Goal of the exercise: Take the records below and set down exactly the lines from the one with "Esmalte Risqué Technology" to the one with "Olive green brings", ends included; do not copy the pictures.

Stored data:
━━━━━━━━━━

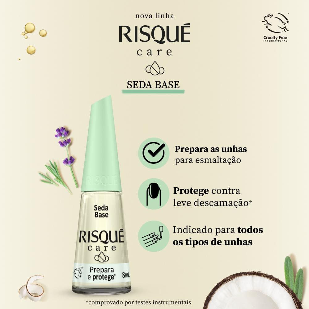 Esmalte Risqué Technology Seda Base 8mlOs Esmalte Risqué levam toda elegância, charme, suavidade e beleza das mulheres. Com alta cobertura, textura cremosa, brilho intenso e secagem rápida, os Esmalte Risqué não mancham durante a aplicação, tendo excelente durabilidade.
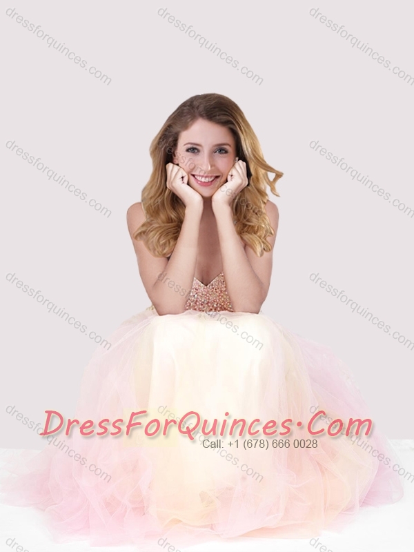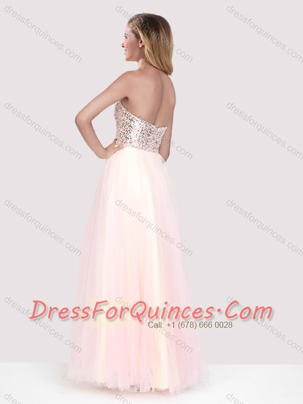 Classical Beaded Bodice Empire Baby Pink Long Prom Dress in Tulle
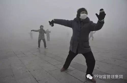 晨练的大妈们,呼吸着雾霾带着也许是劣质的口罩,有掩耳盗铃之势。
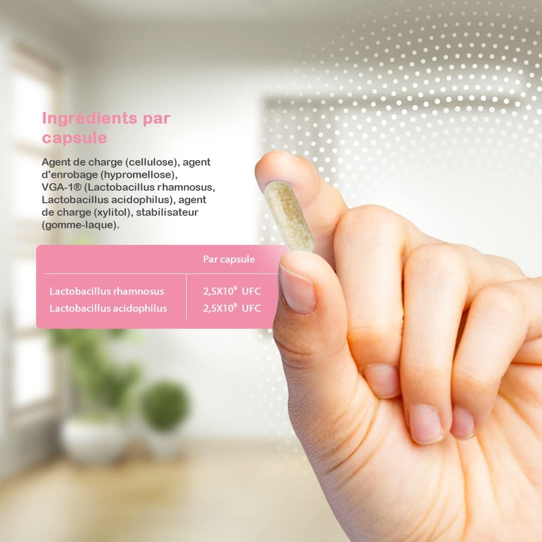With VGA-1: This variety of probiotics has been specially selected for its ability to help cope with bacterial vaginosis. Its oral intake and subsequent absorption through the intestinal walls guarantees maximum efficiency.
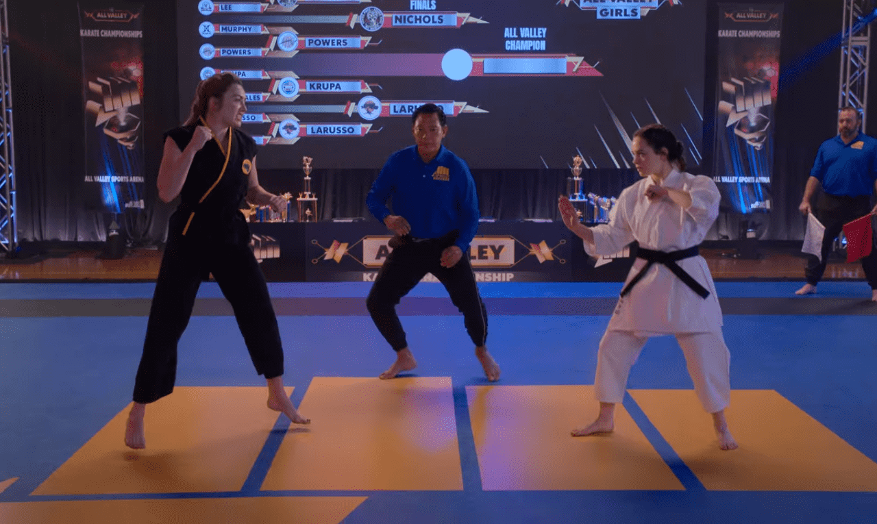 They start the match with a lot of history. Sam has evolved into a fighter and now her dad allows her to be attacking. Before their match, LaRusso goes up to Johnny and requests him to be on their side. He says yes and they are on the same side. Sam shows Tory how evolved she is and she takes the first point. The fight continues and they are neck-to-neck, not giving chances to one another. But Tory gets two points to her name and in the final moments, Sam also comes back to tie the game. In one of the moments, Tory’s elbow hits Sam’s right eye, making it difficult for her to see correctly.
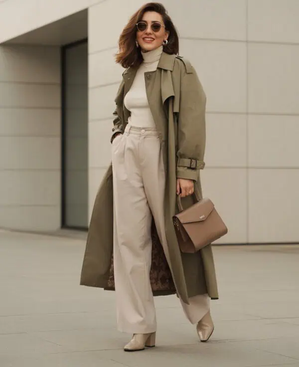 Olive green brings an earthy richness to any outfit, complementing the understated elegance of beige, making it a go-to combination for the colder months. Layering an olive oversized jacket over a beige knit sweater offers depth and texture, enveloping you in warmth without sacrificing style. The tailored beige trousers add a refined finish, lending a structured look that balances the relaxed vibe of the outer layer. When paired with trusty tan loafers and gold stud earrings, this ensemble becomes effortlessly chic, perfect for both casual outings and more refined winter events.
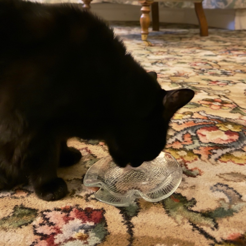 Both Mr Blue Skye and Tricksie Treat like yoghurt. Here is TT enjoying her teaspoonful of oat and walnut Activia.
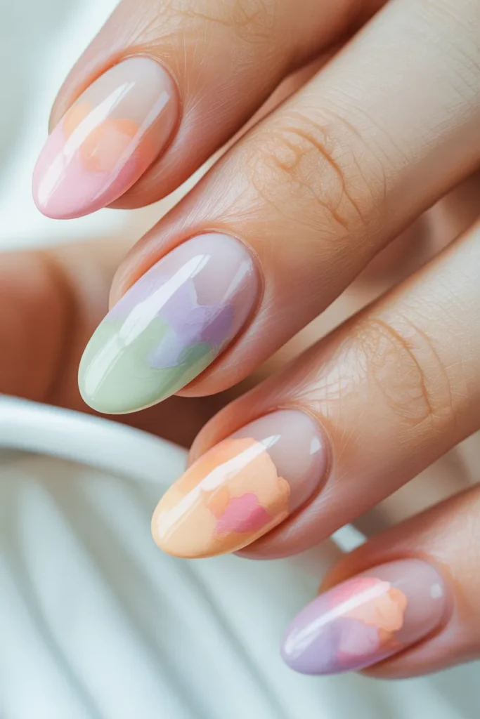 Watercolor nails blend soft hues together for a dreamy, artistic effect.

━━━━━━━━━━

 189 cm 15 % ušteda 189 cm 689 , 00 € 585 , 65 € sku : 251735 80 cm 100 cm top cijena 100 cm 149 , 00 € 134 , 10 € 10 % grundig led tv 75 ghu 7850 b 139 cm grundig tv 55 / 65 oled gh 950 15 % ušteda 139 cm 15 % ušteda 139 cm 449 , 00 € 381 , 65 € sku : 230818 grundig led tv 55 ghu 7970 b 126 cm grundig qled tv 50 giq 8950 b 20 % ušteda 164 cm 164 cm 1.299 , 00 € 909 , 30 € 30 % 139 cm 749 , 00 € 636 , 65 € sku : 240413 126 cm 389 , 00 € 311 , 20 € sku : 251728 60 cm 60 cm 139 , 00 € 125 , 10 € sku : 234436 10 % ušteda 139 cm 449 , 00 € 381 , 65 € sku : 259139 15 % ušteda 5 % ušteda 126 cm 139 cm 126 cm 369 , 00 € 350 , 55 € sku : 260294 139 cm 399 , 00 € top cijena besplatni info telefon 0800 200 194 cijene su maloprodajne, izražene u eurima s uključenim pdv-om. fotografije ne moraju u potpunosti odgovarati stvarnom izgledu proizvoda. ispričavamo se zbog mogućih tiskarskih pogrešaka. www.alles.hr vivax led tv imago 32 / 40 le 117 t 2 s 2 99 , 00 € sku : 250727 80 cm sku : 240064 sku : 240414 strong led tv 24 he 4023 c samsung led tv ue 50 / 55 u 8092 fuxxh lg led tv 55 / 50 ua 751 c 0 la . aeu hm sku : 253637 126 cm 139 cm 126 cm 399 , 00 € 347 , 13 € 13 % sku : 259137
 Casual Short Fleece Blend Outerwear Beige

━━━━━━━━━━

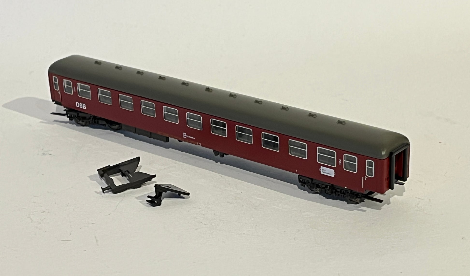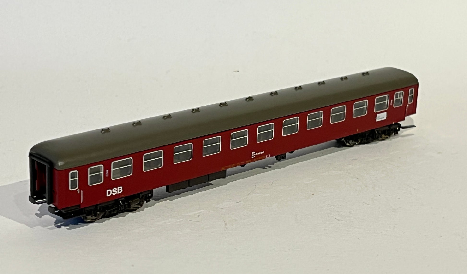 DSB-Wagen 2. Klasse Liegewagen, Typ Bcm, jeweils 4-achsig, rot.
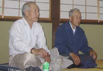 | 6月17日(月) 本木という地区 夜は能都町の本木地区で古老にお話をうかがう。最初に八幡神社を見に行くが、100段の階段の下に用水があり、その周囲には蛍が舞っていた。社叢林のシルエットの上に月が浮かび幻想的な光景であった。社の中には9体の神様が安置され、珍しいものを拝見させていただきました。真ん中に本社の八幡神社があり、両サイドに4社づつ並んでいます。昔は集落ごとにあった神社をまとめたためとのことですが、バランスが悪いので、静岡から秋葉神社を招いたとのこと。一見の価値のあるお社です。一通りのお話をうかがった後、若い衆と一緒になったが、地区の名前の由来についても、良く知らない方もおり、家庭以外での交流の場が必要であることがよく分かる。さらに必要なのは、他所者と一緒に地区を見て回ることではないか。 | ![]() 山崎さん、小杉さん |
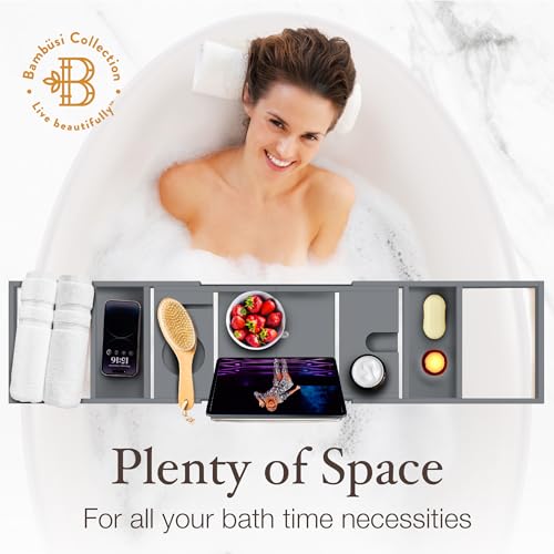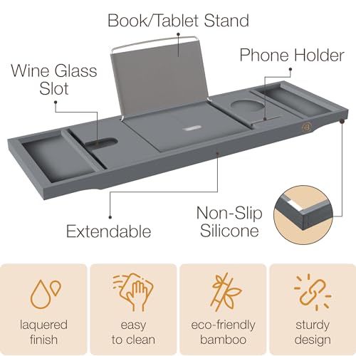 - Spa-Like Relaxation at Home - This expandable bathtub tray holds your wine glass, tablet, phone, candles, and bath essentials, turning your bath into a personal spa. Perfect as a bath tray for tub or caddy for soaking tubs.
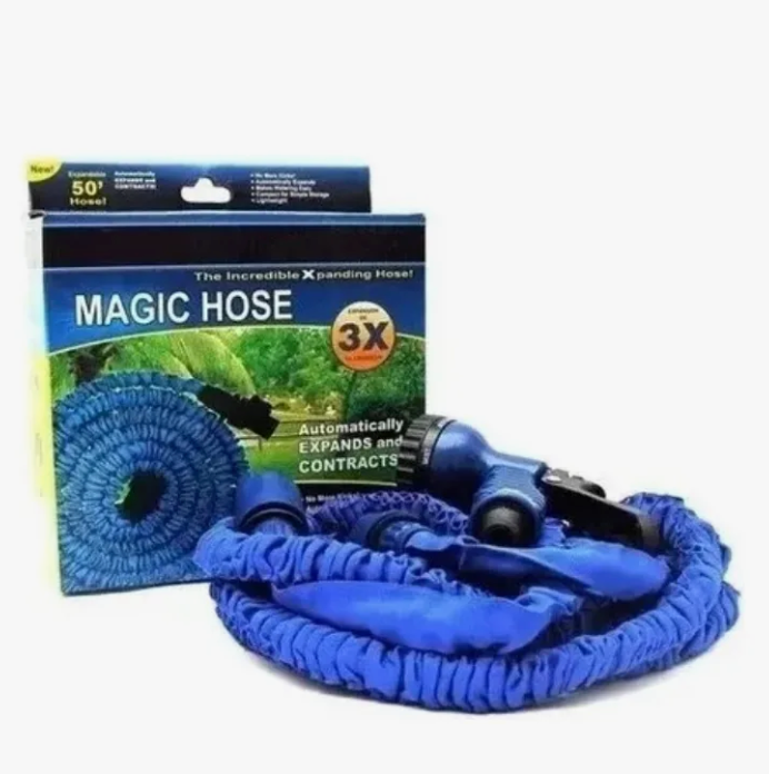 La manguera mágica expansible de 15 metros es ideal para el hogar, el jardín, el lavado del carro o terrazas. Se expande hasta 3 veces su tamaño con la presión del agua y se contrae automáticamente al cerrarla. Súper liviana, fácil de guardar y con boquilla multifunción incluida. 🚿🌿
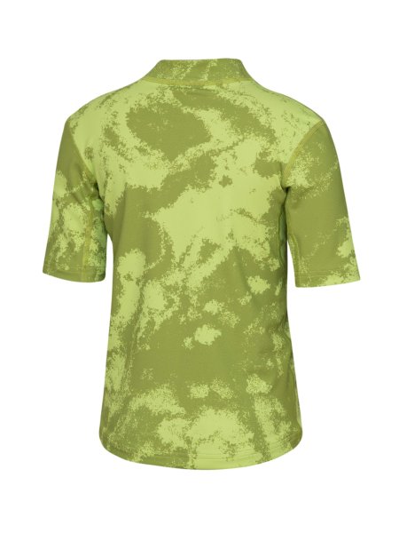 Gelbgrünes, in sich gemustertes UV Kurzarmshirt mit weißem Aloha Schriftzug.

━━━━━━━━━━

Finished task:
 Esmalte Risqué Technology Seda Base 8mlOs Esmalte Risqué levam toda elegância, charme, suavidade e beleza das mulheres. Com alta cobertura, textura cremosa, brilho intenso e secagem rápida, os Esmalte Risqué não mancham durante a aplicação, tendo excelente durabilidade.
 Classical Beaded Bodice Empire Baby Pink Long Prom Dress in Tulle
 晨练的大妈们,呼吸着雾霾带着也许是劣质的口罩,有掩耳盗铃之势。
With VGA-1: This variety of probiotics has been specially selected for its ability to help cope with bacterial vaginosis. Its oral intake and subsequent absorption through the intestinal walls guarantees maximum efficiency.
 They start the match with a lot of history. Sam has evolved into a fighter and now her dad allows her to be attacking. Before their match, LaRusso goes up to Johnny and requests him to be on their side. He says yes and they are on the same side. Sam shows Tory how evolved she is and she takes the first point. The fight continues and they are neck-to-neck, not giving chances to one another. But Tory gets two points to her name and in the final moments, Sam also comes back to tie the game. In one of the moments, Tory’s elbow hits Sam’s right eye, making it difficult for her to see correctly.
 Olive green brings an earthy richness to any outfit, complementing the understated elegance of beige, making it a go-to combination for the colder months. Layering an olive oversized jacket over a beige knit sweater offers depth and texture, enveloping you in warmth without sacrificing style. The tailored beige trousers add a refined finish, lending a structured look that balances the relaxed vibe of the outer layer. When paired with trusty tan loafers and gold stud earrings, this ensemble becomes effortlessly chic, perfect for both casual outings and more refined winter events.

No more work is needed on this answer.